The Exposure to Different Photoperiods Strongly Modulates the Glucose and Lipid Metabolisms of Normoweight Fischer 344 Rats.

Seasonal variations in day length trigger clear changes in the behavior, growth, food intake, and reproductive status of photoperiod-sensitive animals, such as Fischer 344 rats. However, there is little information about the effects of seasonal fluctuations in day length on glucose and lipid metabolisms and their underlying mechanisms in this model. To gain knowledge on these issues, three groups of male Fischer 344 rats were fed with a standard diet and exposed to different photoperiods for 14 weeks: normal photoperiod (L12, 12 h light/day), long photoperiod (L18, 18 h light/day), and short photoperiod (L6, 6 h light/day). A multivariate analysis carried out with 239 biometric, serum, hepatic and skeletal muscle parameters revealed a clear separation among the three groups.

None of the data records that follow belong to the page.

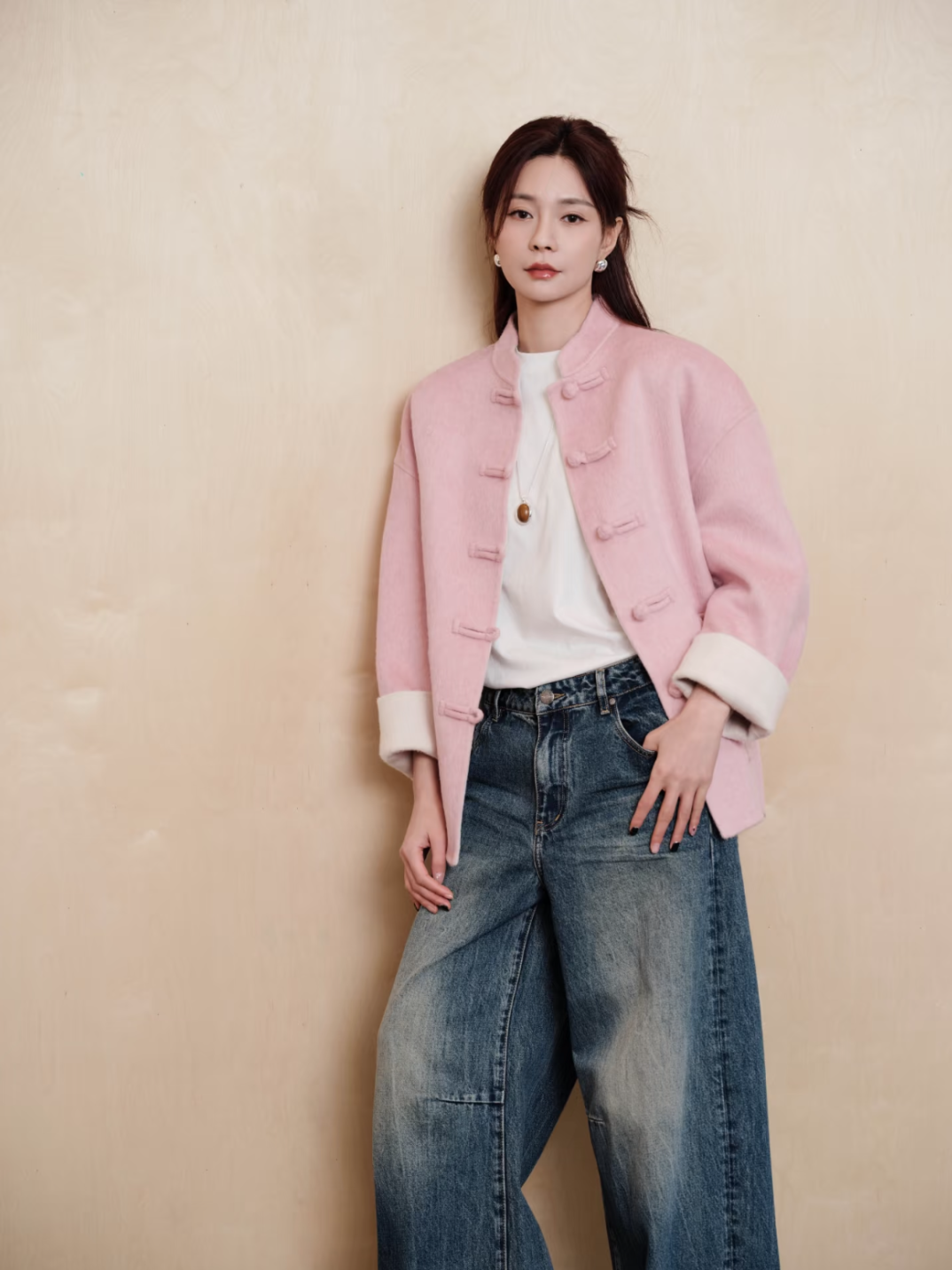 这件半高领的新中式上衣也非常耐看,柔和的色调和低调的暗纹设计,衬得整个人清丽温婉。
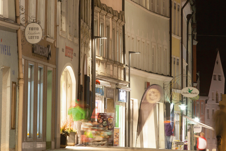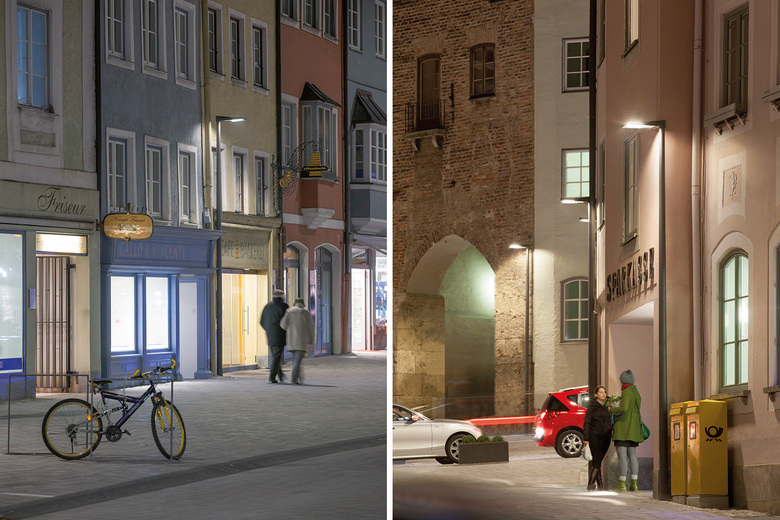Darüber hinaus sprachen klare wirtschaftliche Vorteile für die LED-Leuchten. Im Vergleich zu konventioneller Technik mit Halogenmetalldampflampen sorgen niedrigere Anschlusswerte für Energieeinsparungen und die lange Lebensdauer der LED-Lichtquellen senkt spürbar die Wartungskosten. Durch die Möglichkeit der mehrstufigen Regelung kann der Lichtstrom bedarfsgerecht angepasst werden. Auf dem Hauptplatz in Landsberg reduzieren in die Leuchte eingebaute und ab Werk programmierte elektronische Dimmer Eco Step Dim Advanced das Niveau der Straßenbeleuchtung um 22:30 Uhr auf 75% und um 24:00 Uhr auf 50% des Ausgangswertes. Spezielle Versorgungs- und/oder Steuerleitungen sind dafür nicht notwendig.
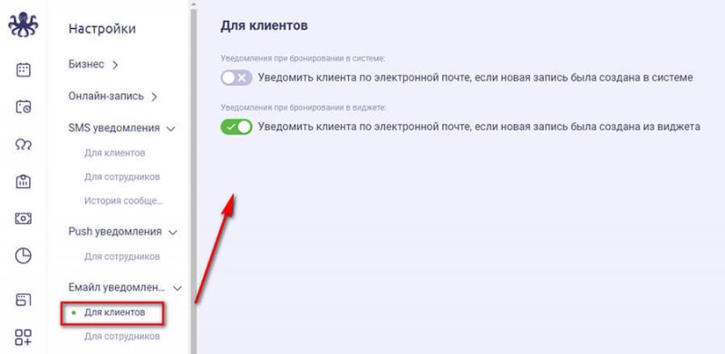 Уведомления по электронной почте также доступны для клиентов и сотрудников.
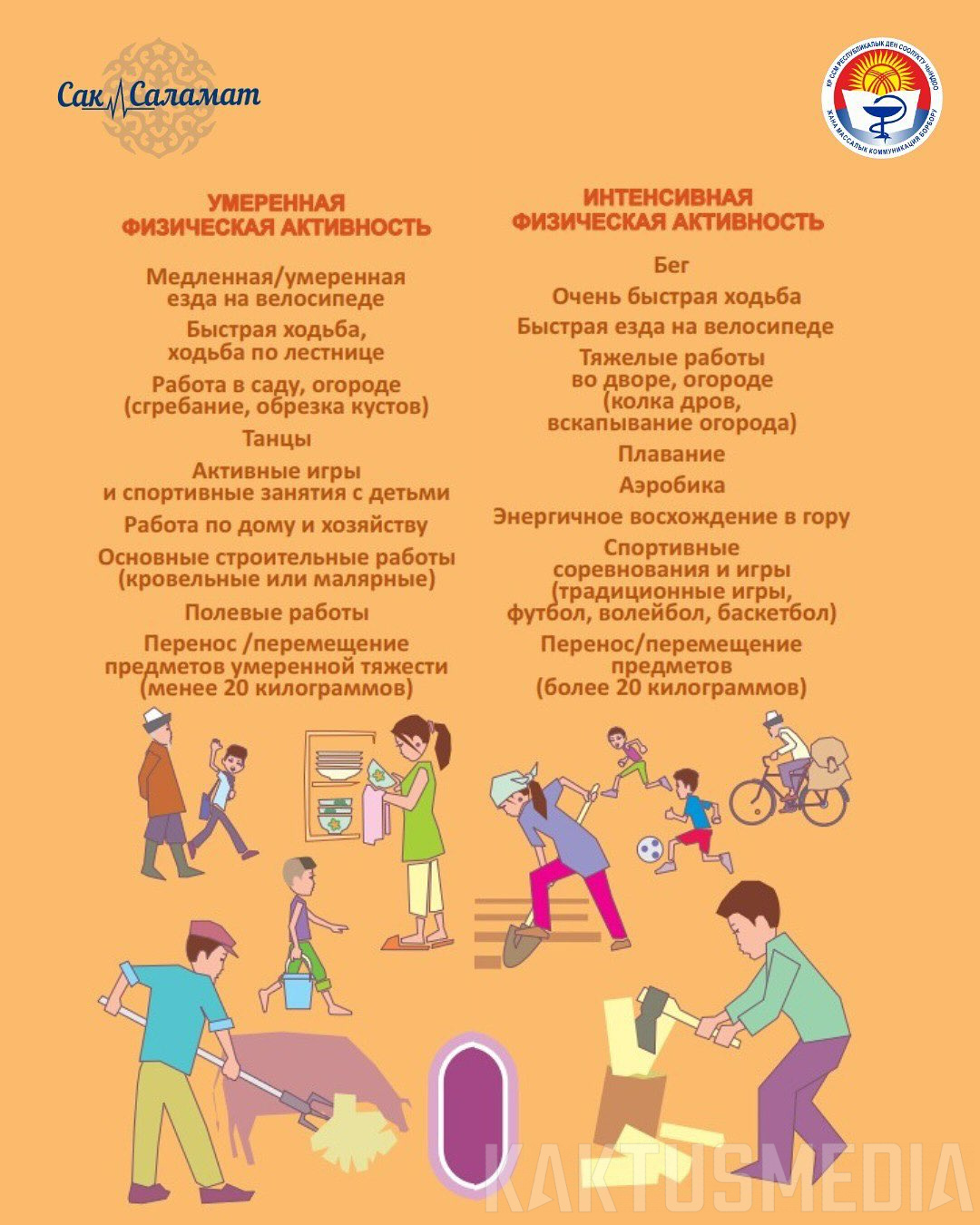 Дети и подростки (6-17 лет) должны заниматься умеренной и интенсивной физической активностью в общей сложности один час в день. Физическая активность продолжительностью более одного часа принесет дополнительную пользу для их здоровья.
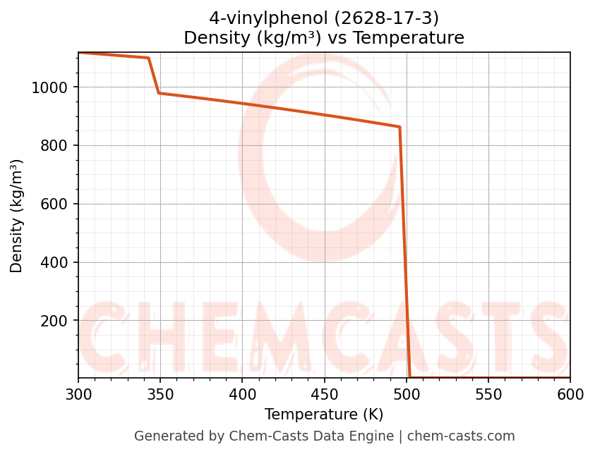 This page presents the temperature-dependent thermodynamic and transport properties of 4-vinylphenol (CAS 2628-17-3) calculated at a constant pressure of 1 atm (101325 Pa) over the temperature range 250-500 K.
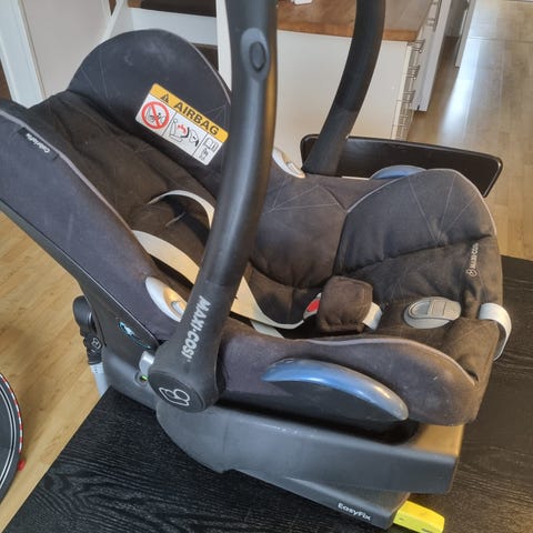 Använd till 1 barn. Snörena kanske ska tvättas eller bytas (prickiga). ca 5 år gammal. Ingår solskydd och easyfix för installation i bil.
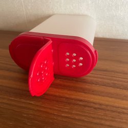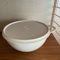 En Tupperware burk med tillhörande lock. Burken är vit och har en enkel design.
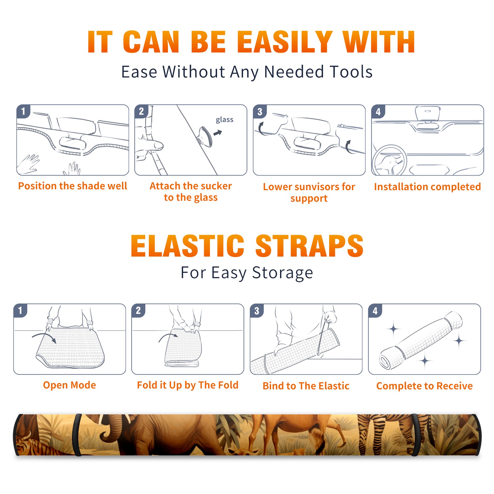 <b>ZXIVGOQFR Foldable Premium Car Windshield Sunshade is your great solution to reduce your car’s interior temperature dramatically! This is definitely a must-have item for your summer travel! </b> <br> ●<b>Size: 63"L x 33.5"W </b> <br></b> ●<b>Blocking Uv Rays & Heat Insulation<br></b> Our vehicle sunshade provides effective UV, sun, and summer heat protection .Maintains dashboards by preventing fading and cracking <br> ●<b>Easy-To-Store Folding Design Makes Storage Convenient <br></b> ZXIVGOQFR car sunshades come with removable suction cups and elastic bands that you can install easily and quickly, and the removable suction cups will not leave any marks on your windows when removed. Within seconds, windshield visor can be installed and removed. When not in use,the front windshield can be easily and effectively placed on the door pocket or the dashboard, which is beautiful and does not take up space in the car.<br> <br> <b>PUT UP A 'PROTECTIVE UMBRELLA' FOR YOUR BELOVED CAR!</b>

Compared with L12 rats, L6 animals displayed a marked alteration of glucose homeostasis and fatty acid uptake and oxidation, which were evidenced by the following observations: (1) increased circulating levels of glucose and non-esterified fatty acids; (2) a sharp down-regulation of the phosphorylated Akt2 levels, a downstream post-receptor target of insulin, in both the soleus and gastrocnemius muscles; (3) decreased expression in the soleus muscle of the glucose metabolism-related microRNA-194 and lower mRNA levels of the genes involved in glucose metabolism (Irs1, soleus, and Glut2, liver), ß-oxidation (Had and Cpt1ß, soleus) and fatty acid transport (Cd36, soleus, and liver). L18 animals also displayed higher blood glucose levels than L12 rats and profound changes in other glucose and lipid metabolism-related parameters in the blood, liver, and skeletal muscles. However, the mechanisms that account for the observed effects were less evident than those reported in L6 animals. In conclusion, exposure to different photoperiods strongly modulated glucose and lipid metabolisms in normoweight rats. These findings emphasize the relevance of circannual rhythms in metabolic homeostasis regulation and suggest that Fischer 344 rats are a promising animal model with which to study glucose- and lipid-related pathologies that are influenced by seasonal variations, such as obesity, cardiovascular disease and seasonal affective disorder.